Once all the considerations on "Application side diagnostics" are applied, the next step is to look into the settings of ALTIBASE HDB.

Log file I/O contention

ALTIBASE HDB makes use of WAL (Write Ahead Logging) protocol which requires that all modifications are written to a transaction log (logfile) before they are applied to DBMS. If you want to enhance the performance of the application, you will need to check the state of log files.

There are two threads related to the state of log files. The first one is "logfile prepare thread" which allocates new memory in order to write a redo log. The second one is "log write thread" which applies all modifications into DBMS.
Once the speed of "log write thread" exceeds "logfile prepare thread", "log write thread" has to wait for "logfile prepare thread" to prepare log files.

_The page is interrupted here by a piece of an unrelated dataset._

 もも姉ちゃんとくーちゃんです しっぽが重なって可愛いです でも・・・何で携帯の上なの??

This symptom is called as "logfile IO contention".
ALTIBASE HDB provides a parameter called "PREPARE_LOG_FILE_COUNT"(default value is 5) to address this issue. Increasing this value sufficiently can prevent the problem in advance.
You can monitor the state of logfile as follows:

select LF_OPEN_COUNT, LF_PREPARE_COUNT, LF_PREPARE_WAIT_COUNT from v$lfg;

If the value of LF_PREPARE_WAIT_COUNT is greater than 1 from the result of the above query, you need to increase the value. The value can be estimated as following.
Double the parameter value of "PREPARE_LOG_FILE_COUNT", then see the value of LF_PREPARE_WAIT_COUNT is still larger than 1.
If so, double the value again and see the result until the value reaches 100.
If LF_PREPARE_WAIT_COUNT is still over 1, it means that the performance of disk is slow. Therefore, you have to consider changing the disk to resolve the problem.

Icon

Caution : ALTIBASE HDB allocates memory for log files based on the value of PREPARE_LOG_FILE_COUNT. Therefore, larger value means larger memory usage.

Checkpoint I/O

The fuzzy and ping-pong based implementation of ALTIBASE HDB checkpointing does not impact transaction response times. However, if the log files and data files are physically on the same file system there may be some read and write I/O contention.

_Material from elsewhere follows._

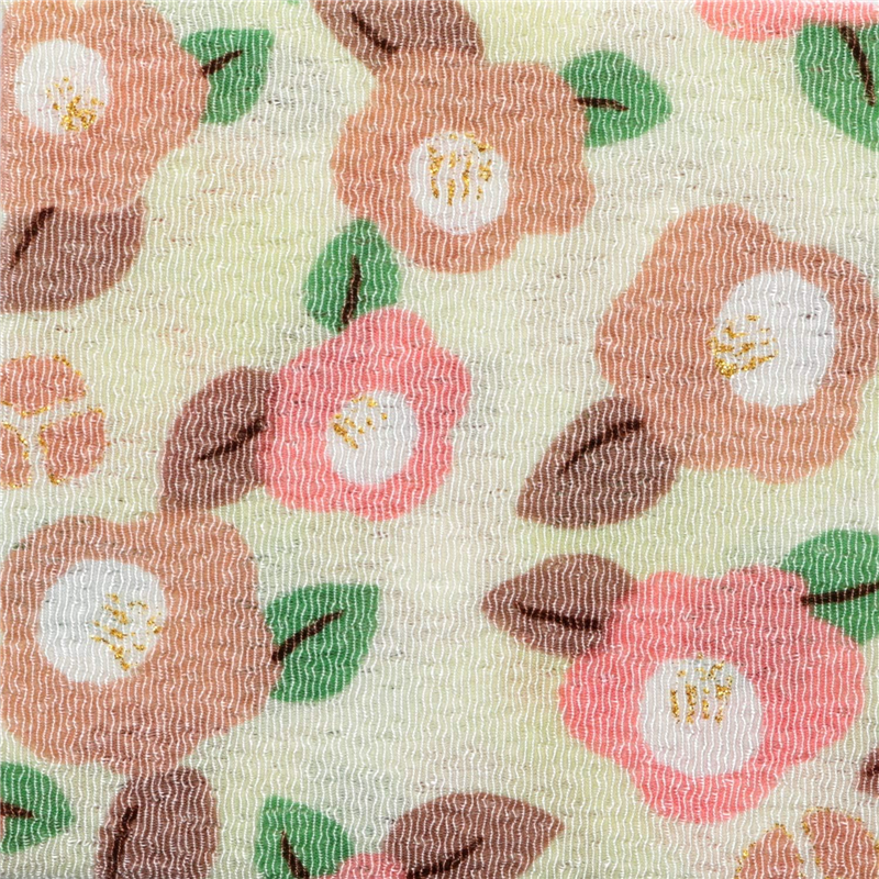日本紐釦貿易 ちりめん 金彩 モダン椿 生成 巾約70cm×8m切売カット GH52-03-8M 1枚(ご注文単位1枚)【直送品】

In another case, If buffered I/O mechanisms of the Operating System (OS) is used, most of I/O the traffic resides in the OS buffer. Once OS flushes all data onto disk area, the performance again may fluctuate at that time. If buffered I/O of the OS causes performance degradations, you may want to consider changing it to DIRECT I/O. Please, refer to the OS manual how to change this setting.

The best approach to deal with such I/O contentions is to separate the physical location of the log files and datafiles.

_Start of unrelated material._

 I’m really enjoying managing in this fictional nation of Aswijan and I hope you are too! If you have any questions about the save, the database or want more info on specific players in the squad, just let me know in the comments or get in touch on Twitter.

ALTIBASE HDB provides the following parameters to scatter I/O writes.

CHECKPOINT_BULK_WRITE_PAGE_COUNT 0 => 100
CHECKPOINT_BULK_WRITE_SLEEP_SEC 0 => 0
CHECKPOINT_BULK_WRITE_SLEEP_USEC 0 => 5000
CHECKPOINT_BULK_SYNC_PAGE_COUNT 3200 => 100

Icon

Caution : Checkpoint duration with tuned parameters as above is longer than when using the default parameters. Therefore in this case, you have to have more disk space available for log files.

MULTIPLEXING_THREAD_COUNT setting

We highly recommend that the number of MULTIPLEXING_THREAD_COUNT be twice or four times bigger than the number of CPU cores. The best-suited value must be determined by testing with the application.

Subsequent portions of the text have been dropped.